賭けで動く恋
モデルと秘密

約束のモデル初日。
10時5分前に鳴ったインターフォンに「行ってきます」とお母さんに声をかけて玄関を開けた。

「こんにちは、恵実さん」

男性にしては珍しい深紅の着物にいつもの黒い羽織を着た神谷さんの艶のある声と微笑みは、カフェで思った通り慣れる日はこない気がする。

苦笑する私の手をとって車道側に立った神谷さんはゆっくり歩き出しながら私の着物を褒めてくれた。

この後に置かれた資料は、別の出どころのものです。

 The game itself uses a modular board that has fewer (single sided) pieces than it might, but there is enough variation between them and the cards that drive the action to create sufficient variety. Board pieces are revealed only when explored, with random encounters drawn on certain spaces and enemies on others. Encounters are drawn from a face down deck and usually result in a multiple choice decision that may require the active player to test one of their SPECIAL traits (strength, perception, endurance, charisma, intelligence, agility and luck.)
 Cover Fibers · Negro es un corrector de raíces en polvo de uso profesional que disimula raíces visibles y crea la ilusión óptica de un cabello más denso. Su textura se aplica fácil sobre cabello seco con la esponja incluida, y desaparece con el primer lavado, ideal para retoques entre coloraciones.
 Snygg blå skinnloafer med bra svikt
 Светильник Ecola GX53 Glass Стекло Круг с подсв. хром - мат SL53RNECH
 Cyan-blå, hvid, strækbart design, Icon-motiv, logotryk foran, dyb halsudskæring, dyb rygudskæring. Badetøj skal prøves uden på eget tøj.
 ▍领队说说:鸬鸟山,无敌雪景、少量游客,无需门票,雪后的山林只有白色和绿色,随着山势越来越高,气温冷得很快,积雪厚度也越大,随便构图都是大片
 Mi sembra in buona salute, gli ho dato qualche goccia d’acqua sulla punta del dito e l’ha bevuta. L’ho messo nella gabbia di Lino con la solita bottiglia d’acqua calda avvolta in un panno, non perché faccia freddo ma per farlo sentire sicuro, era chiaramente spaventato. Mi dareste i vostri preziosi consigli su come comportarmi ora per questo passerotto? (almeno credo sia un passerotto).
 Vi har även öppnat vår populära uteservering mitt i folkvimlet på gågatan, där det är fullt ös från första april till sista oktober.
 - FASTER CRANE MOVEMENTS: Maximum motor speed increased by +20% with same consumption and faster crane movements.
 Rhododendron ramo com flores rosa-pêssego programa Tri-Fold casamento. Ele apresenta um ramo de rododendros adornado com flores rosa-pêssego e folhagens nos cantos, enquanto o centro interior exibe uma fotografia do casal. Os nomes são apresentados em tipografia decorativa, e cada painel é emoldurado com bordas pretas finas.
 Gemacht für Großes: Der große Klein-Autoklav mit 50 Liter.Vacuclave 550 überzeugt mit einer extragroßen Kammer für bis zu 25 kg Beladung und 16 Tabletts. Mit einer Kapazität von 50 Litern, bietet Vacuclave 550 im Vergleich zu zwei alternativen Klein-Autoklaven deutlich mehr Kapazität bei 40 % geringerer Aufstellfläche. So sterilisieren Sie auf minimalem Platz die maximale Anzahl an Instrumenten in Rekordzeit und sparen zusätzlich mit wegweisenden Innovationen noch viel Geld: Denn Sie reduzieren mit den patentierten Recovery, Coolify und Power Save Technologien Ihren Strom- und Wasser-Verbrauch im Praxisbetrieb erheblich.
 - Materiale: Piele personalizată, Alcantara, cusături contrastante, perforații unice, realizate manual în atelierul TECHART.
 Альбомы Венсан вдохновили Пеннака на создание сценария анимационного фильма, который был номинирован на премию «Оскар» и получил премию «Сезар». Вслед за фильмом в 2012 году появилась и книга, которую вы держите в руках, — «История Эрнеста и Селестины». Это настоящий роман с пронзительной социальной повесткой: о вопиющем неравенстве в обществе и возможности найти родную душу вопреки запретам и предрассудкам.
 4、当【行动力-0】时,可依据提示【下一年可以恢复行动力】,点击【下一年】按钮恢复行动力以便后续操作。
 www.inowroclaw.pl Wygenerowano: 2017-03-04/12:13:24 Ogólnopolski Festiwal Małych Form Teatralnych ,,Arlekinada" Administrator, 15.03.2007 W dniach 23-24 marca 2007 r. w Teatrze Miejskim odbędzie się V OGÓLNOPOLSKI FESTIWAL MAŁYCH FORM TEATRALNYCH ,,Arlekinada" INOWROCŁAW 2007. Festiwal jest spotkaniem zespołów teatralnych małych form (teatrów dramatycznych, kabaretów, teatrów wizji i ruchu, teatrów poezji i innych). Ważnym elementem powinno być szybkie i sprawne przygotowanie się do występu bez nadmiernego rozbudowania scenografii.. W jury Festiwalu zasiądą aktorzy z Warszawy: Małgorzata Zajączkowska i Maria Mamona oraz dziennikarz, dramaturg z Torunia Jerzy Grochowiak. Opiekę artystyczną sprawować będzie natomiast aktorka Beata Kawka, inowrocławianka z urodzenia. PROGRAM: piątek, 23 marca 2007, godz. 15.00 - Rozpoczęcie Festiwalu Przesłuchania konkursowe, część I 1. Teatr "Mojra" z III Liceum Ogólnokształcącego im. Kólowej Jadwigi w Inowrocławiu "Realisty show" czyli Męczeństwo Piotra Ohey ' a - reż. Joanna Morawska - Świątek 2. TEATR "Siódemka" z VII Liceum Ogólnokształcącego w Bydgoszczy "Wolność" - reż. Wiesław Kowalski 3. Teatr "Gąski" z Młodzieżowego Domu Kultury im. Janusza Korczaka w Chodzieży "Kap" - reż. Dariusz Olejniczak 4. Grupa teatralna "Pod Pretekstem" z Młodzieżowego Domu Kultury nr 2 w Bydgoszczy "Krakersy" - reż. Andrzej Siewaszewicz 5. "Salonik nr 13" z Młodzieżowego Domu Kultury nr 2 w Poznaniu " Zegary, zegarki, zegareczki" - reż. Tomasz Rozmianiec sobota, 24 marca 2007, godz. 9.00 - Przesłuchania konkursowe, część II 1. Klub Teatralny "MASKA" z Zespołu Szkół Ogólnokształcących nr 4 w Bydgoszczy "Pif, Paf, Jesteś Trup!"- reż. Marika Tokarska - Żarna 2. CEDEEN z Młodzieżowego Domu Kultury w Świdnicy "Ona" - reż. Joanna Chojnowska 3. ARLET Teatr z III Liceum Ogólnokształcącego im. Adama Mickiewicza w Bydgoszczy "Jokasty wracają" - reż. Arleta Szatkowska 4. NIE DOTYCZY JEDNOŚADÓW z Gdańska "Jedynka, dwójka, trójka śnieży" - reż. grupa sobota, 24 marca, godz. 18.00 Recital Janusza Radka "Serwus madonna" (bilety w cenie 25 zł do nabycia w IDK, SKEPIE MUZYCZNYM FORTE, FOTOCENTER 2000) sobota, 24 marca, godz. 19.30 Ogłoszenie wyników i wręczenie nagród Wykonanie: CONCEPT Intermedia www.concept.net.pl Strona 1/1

「今日の着物も素敵ですね。若紫の地色が恵実さんの優しく雰囲気にとても合っています」

「ありがとうございます」

若紫の地色に白兎の小紋はお気に入りの1枚だから褒められて苦笑から自然な笑顔に変わった。

「神谷さんも
「淳」

「え?」

私の声を遮って自分の名前を口にした神谷さんに首を傾げる。

そんな私に神谷さんは有無をいわさない笑顔で私を見下ろした。

「苗字ではなく名前で呼んで下さい」

「でも、神谷さんの方が歳上……ですよね?」

今更ながら私達はお互いの名前と職業以外何も知らない。